Data for the task: Begin

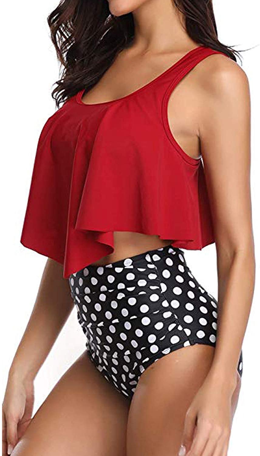 High Waisted Women Swimwear flounce Top Racerback Vintage Ruched Two Pieces Bathing Suit
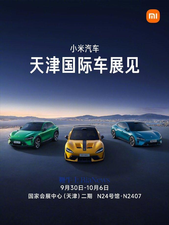 小米汽车宣布全家族产品将参与天津国际车展,包括小米SU7、小米SU7 Ultra和小米YU7。
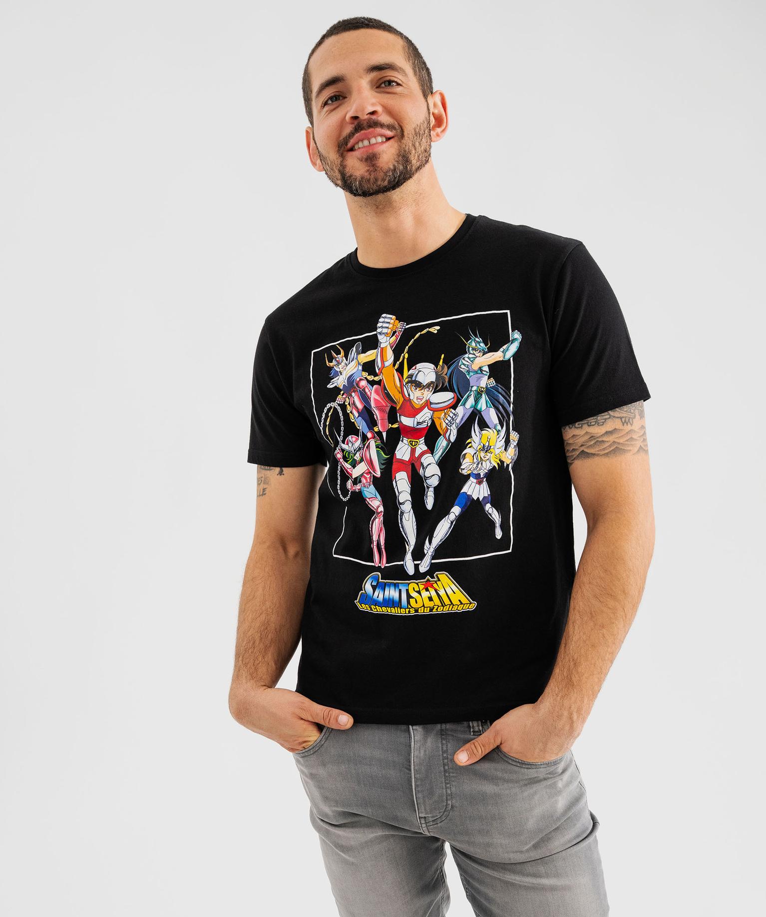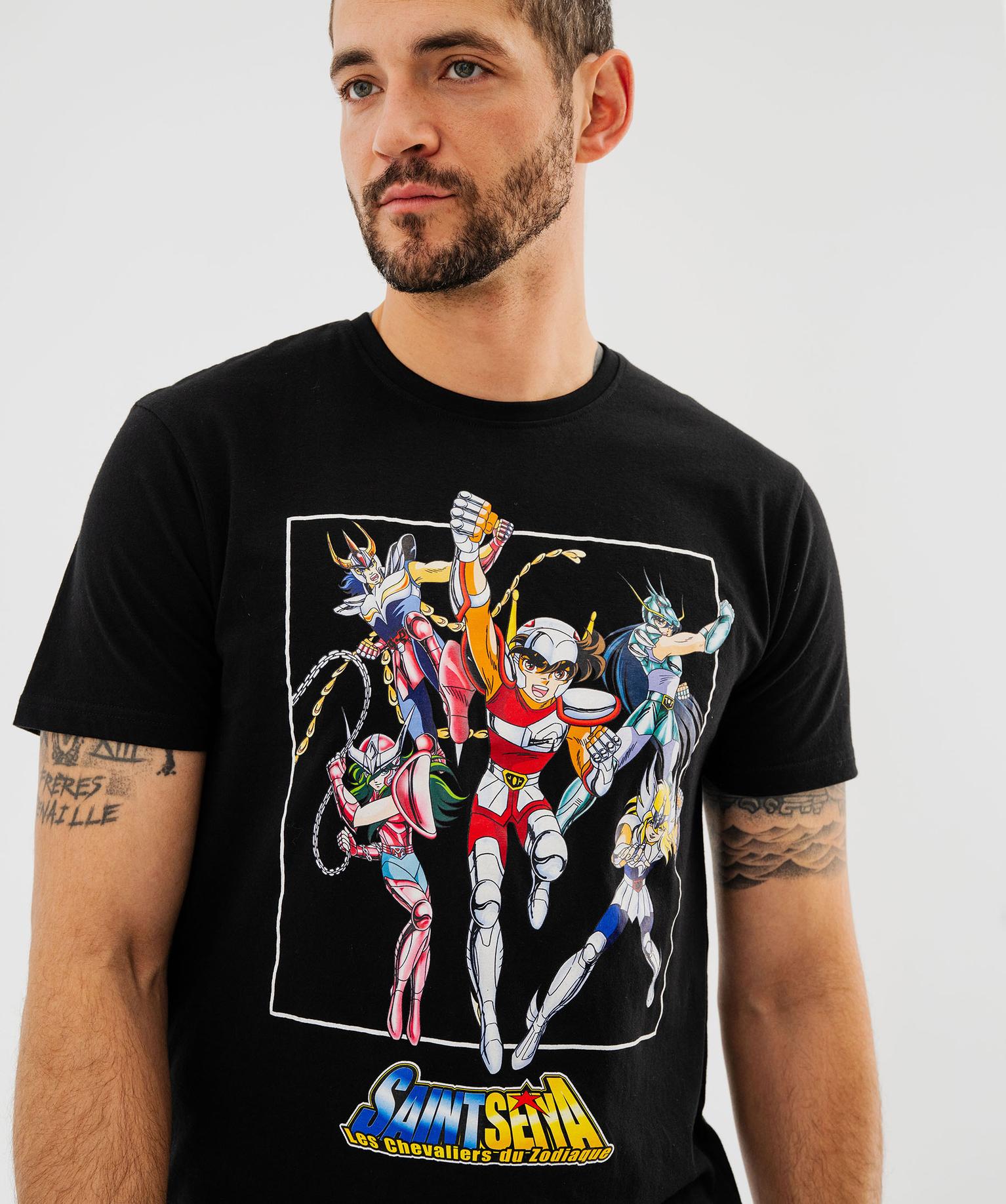 Tee-shirt manches courtes en coton imprimé homme - Les Chevaliers du Zodiaque noir
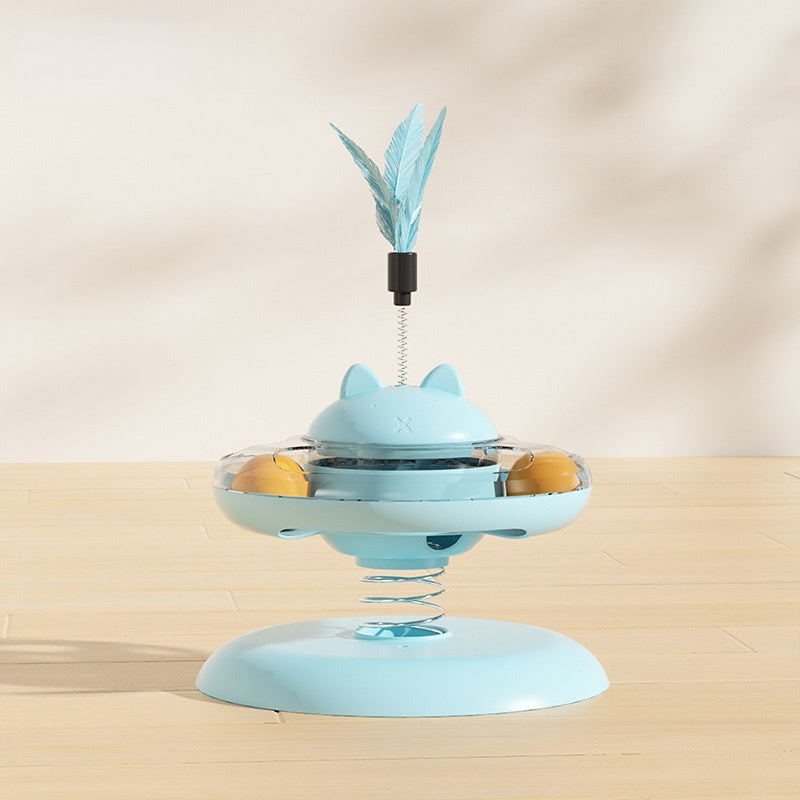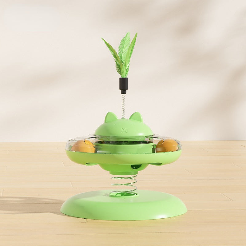 Katze Intelligenzspielzeug, interaktives Futterspielzeug mit Cat-Drehteller und Katzenangel, fördern die geistige Aktivität
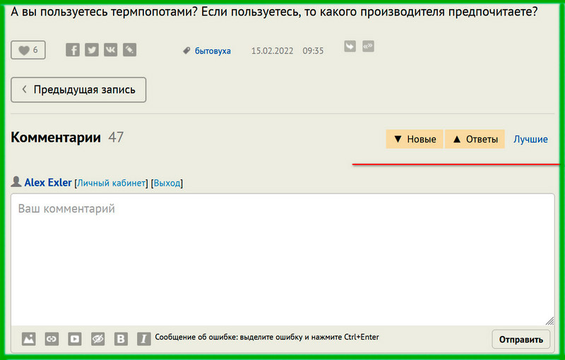 И во-вторых: сразу же зарегистрированный пользователь обращает внимание, что прямо возле слова "Комментарии" есть сортировка. И если что, можно выставить просто как удобно самому.
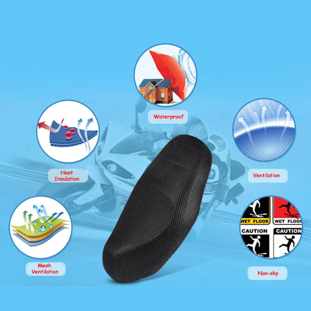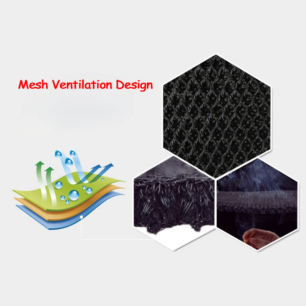 Сетчатая вентиляционная конструкция. Высокая водонепроницаемость, защищая ваше сиденье от воды в дождливые дни. Термостойкий, дышащий, влагостойкий, плесень, эластичность. Легкость давления внимательная, приносит практическое внимательное чувство. Не скользит, избегая несчастных случаев. Легко мыть: используйте мягкое нейтральное моющее средство мягко краску, затем протрите краску водой, поместите в прохладное вентилируемое место, чтобы высушить после стирки.
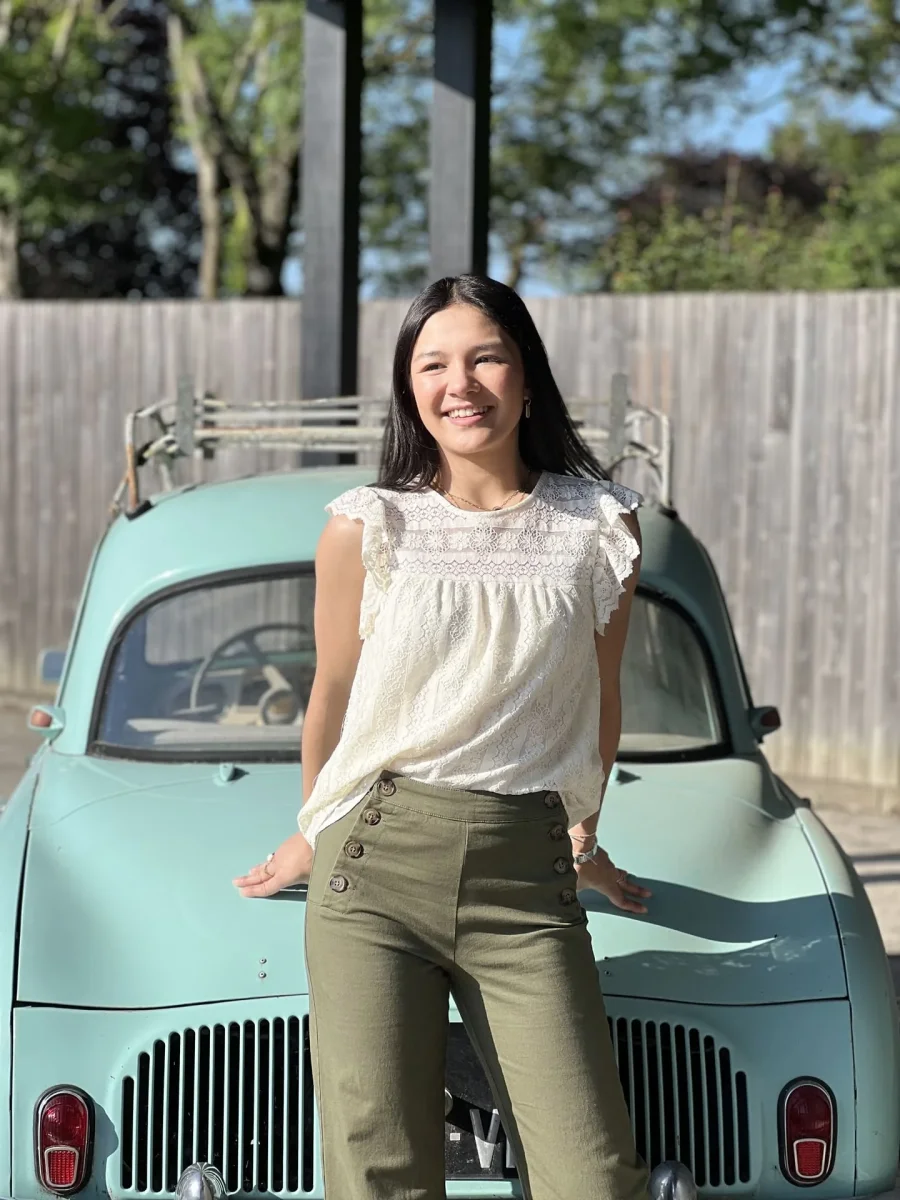 Mathilde mesure 1m65. Elle porte la taille S pour ce modèle.
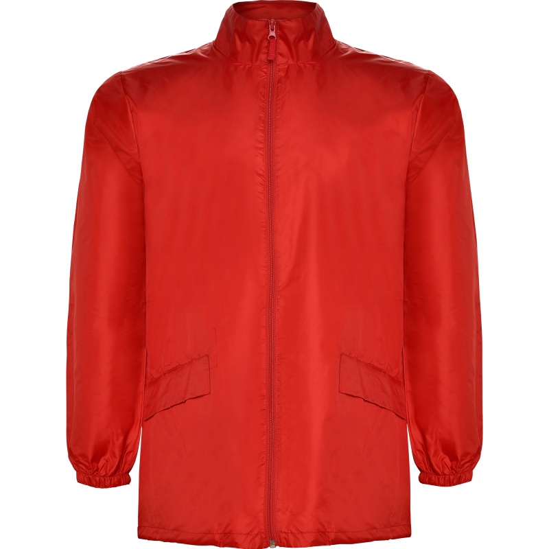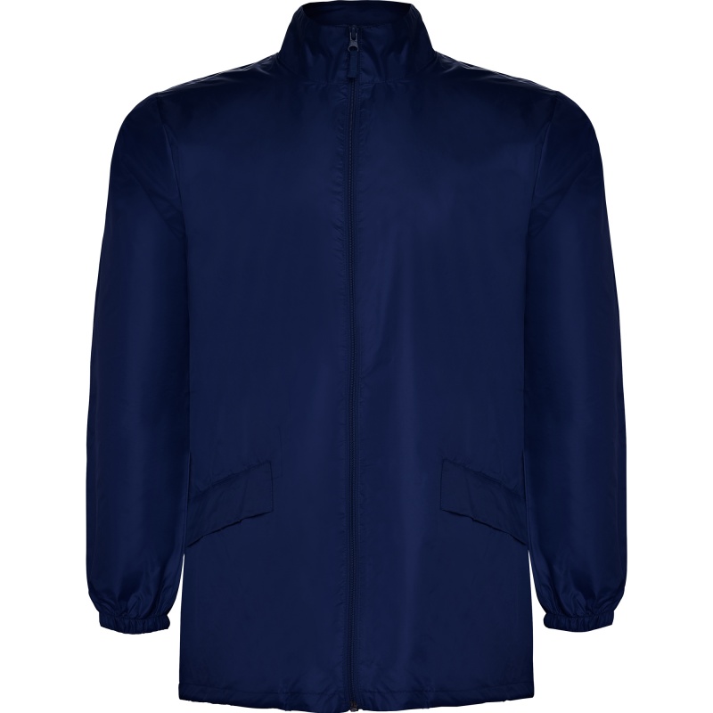High neck raincoat with full zip. 1.- Zipper. 2.- Hem with adjustable drawcord and stoppers. 3.- Foldable hood with drawcord in collar. 4.- Two flap pockets. 5.- Elastic cuffs. 6. -Elastic strap inside the pocket for folding and storage.
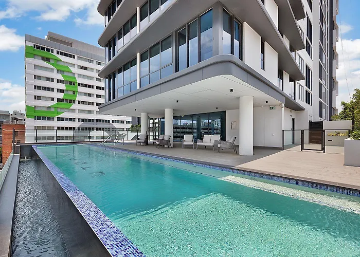 Kooii Apartments, a 4-star Brisbane hotel with an 8.7/10 rating on Booking.com, features modern apartments equipped with essential amenities. This property includes a sauna, fitness center, and an infinity pool for relaxation.
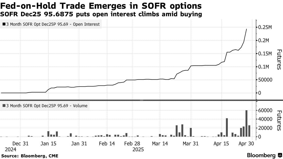 期貨和期權市場的投資者總體上仍預期美聯儲將在7月會議上降息,且今年至少再降息兩次。但過去幾周,一個期權合約的頭寸顯著增加,如果美聯儲在2025年保持利率不變或加息,該合約將獲利。

Data for the task: End

Problem description: Taking the entries above, extract every line from the one bearing "И во-вторых: сразу" through the one bearing "Mathilde mesure 1m65.", exactly, with no pictures.

Response below:
 И во-вторых: сразу же зарегистрированный пользователь обращает внимание, что прямо возле слова "Комментарии" есть сортировка. И если что, можно выставить просто как удобно самому.
 Сетчатая вентиляционная конструкция. Высокая водонепроницаемость, защищая ваше сиденье от воды в дождливые дни. Термостойкий, дышащий, влагостойкий, плесень, эластичность. Легкость давления внимательная, приносит практическое внимательное чувство. Не скользит, избегая несчастных случаев. Легко мыть: используйте мягкое нейтральное моющее средство мягко краску, затем протрите краску водой, поместите в прохладное вентилируемое место, чтобы высушить после стирки.
 Mathilde mesure 1m65. Elle porte la taille S pour ce modèle.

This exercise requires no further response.